其实,我心里疑团重重,在恶灵之地,我和江少品不也见过那些恶鬼么?为何那个时候他和我都能看见,而现在他看不见,只有我看见了?后来,我终于明白了,见鬼不是一件很容易的事儿,要么得有灵觉,要么得有灵器,要么得有灵机,诸如此类的,还有时间、地点、机缘等的要求,所以,一个阳间的人一般情况下是不大见得着鬼的。
但是现在的我不同了,我的天眼已开,灵觉已动,随时、随地、随人、随事都可以见到它们,我是行走阴阳两界的人,自然所谓的修为、定力对于我来说就显得很重要了。
此时此刻,我站在青石路上,默默的瞧着随处可见的鬼魂,再瞅一眼身旁的江少品,他正一脸无聊的到处瞧,嘴里不停的问着我,“怎么又来到这儿了?”一时间,我心里真是打翻了五味瓶,什么滋味都有了。
鬼魂们很冰冷,因为它们已经无法完成造血过程,所以它们的脸色苍白,嘴唇发乌,它们就像一具具漂浮不定的尸体,在夜晚的寒风中瑟瑟发抖,无所寄托,它们凄清苦楚的度过漫漫长夜,漫无目的等待轮回转世,可怜巴巴的期望着重获新生,……我在内心深处为它们祈祷,为它们祈福,为它们祁祝。
祈求对一般的鬼魂很管用,因而我和江少品慢慢走过这青石道的时候,与它们相安无事,我慢慢平息了我们临近时它们的**,给它们带来意想不到的温暖,我们悄悄的离去,生怕打扰了它们的清灵……
一路走来,鬼魂们无知无觉,就算不小心惊了一些鬼魂,它们也不恼怒,反而对我们报以善意的微笑,尽管,它们的笑实在让人害怕,但我知道,鬼也有善恶之分,这时候我们遇到的鬼,它们没有害人之心。
江少品奇怪我怎么还是沿着青石板路不知疲倦的走下去,一路默默无语,但却面容安和。
走着走着,我忽地感觉到了一股戾气和煞气迎面扑来,再一看左右,那些鬼魂们乱作一团,纷纷转身,关门闭户,拉下窗帘,瞬时没了鬼影。
我再抬眼朝前望去,只见远远的飘来了一群人样鬼魂。
戾气越来越重,煞气越来越强烈。
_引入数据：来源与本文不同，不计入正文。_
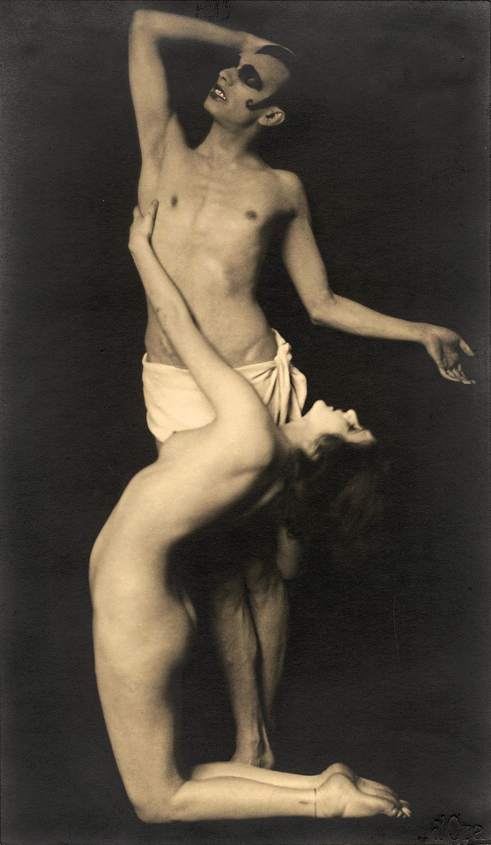 In November 1922, in the midst of the economic crisis, Vienna only had one topic of conversation: Anita Berber and her dances of vice, horror and ecstasy. Together with her partner Sebastian Droste, she brings taboo topics such as drug abuse, suicide and homosexual desire to the stage. In order to promote the scandalous program, the duo appears in front of Madame d’Ora’s camera. Berber has been working with the Viennese portrait photographer for years on staging her sophisticated game of calculated shock and dance art. These darkly dramatic photographs not only illustrate numerous newspaper articles, but also Berber’s only publication. In it she gives insight into her world of thoughts, criticizes the hysteria surrounding her and at the same time fuels it anew.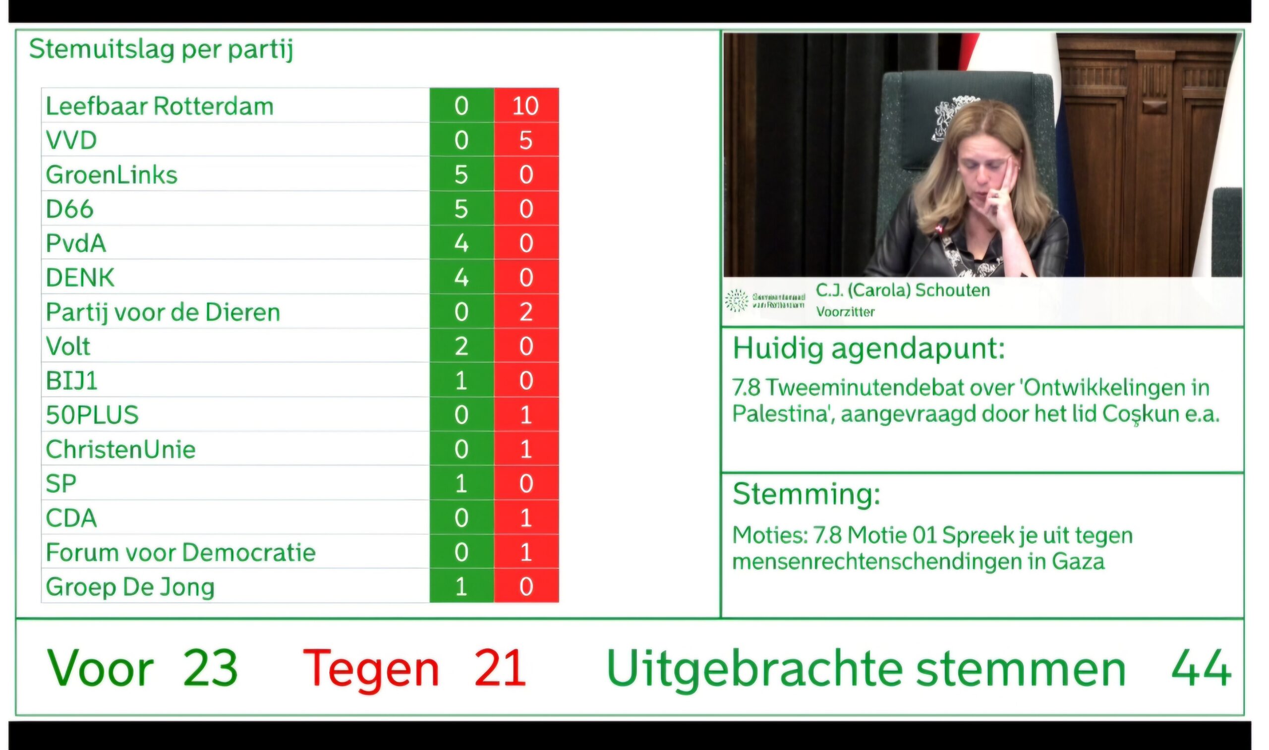 Opnieuw heeft de gemeenteraad van Rotterdam haar Joodse inwoners in de kou gezet. Dat constateren het Centraal Joods Overleg en de Joodse Gemeente en de Liberaal-Joodse Gemeente in Rotterdam naar aanleiding van het aannemen van een motie over mensenrechten in Gaza en wat de motie noemt ‘de rest van Palestina’, terwijl het hier een internationaal conflict betreft waar de Raad geen moties over zou moeten behandelen/steunen.

我扭头问江少品,见着路的尽头了没有?他瞧了瞧,神情黯然的摇了摇头。
那群鬼魂越走越近,似乎簇拥着一个人。我凝神看去,一点也看不清楚。
没过多久,阴风惨惨,明月隐蔽,青雾缭绕,白霜忽降梦魇奇缘。一个青袍道人逐渐出现在了我的视野里,我定睛一看,大吃一惊,那道人赫然就是黑猎老妖。
我停住了脚步,拉住江少品站定了,不发一言的盯着黑猎,用眼角的余光瞅了一眼江少品,发现我身旁的他却无知无觉,不解的盯着我,一副莫名其妙的表情。我心头一动,难道这个时候的黑猎是以鬼身出现?他到底想要干什么?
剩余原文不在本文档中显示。